The country is now firmly committed to promote Alternative Dispute Resolution as a valuable alternative to litigation, for local and international business. The development of international arbitration worldwide has facilitated the creation of a new international legal practice, autonomous from the national laws and attuned to the necessities of the business world. To provide an adequate framework to international arbitration, Mauritius enacted the International Arbitration Act of 2008 influenced by the UNCITRAL model. The law was amended subsequently to refine certain aspects and keep in touch with international developments.
What is interesting to note is that there is unanimity within the business community, the political class and the judiciary to promote international arbitration as a credible means of settling disputes within the parameters of the Mauritian jurisdiction and of its international arbitration laws. Mauritius will host in 2016 the International Congress of the International Council for Commercial Arbitration thereby establishing itself clearly on the world map of international arbitration. This Congress, which puts together some 3,000 arbitration experts in one conference every four years, will for the first time be held in Africa.
At the level of international financial services, global business companies (previously known as offshore companies) are now being encouraged to establish more commercial and economic ‘substance’ in Mauritius and amendments were recently brought by the Financial Services Commission to its Guide on Global Business to consider arbitration in Mauritius as one such additional criteria to establish ‘substance’. This means that global business companies have an incentive to put in their constitutions an inbuilt clause to resolve disputes within shareholders through arbitration in Mauritius. This measure helps to consider such global business companies being regarded as ‘controlled and managed’ from Mauritius and has established itself as pioneering in the field of international financial services. Many South African investors using companies on the island should be concerned by this measure.

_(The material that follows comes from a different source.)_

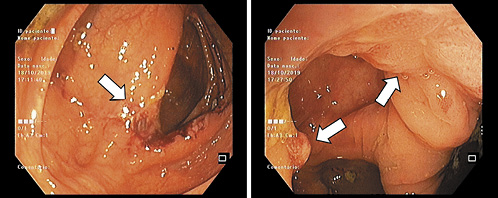 A decision was made to repeat colonoscopy with lesion sampling at our center. At this procedure, an area of irregular mucosa with approximately 15 mm adjacent to the ileocecal valve was observed (Fig. 1a). This lesion had a congestive appearance, with superficially ulcerated areas and a pseudo-polypoid component. On the hepatic flexure, additional areas of mucosa ranging from 5 to 10 mm with similar characteristics were seen (Fig. 1b). The remaining colon segments had no endoscopic abnormalities. The first endoscopic impression was of an ischemic or drug-induced colopathy, but the patient had neither a history of cardiovascular risk factors nor a regular consumption of drugs associated with colorectal mucosal disruption.

The Mauritian jurisdiction is today at the centre of a large number of cross border transactions involving parties from developing nations. International arbitration can only be truly international if developing countries of the world are also truly participative. Hence arbitration centres like ours have a duty to progress so as to provide alternatives to developing nations and business from such nations. International arbitration should not be limited to developed nations only and Mauritius is a good example of what can be achieved in a developing country.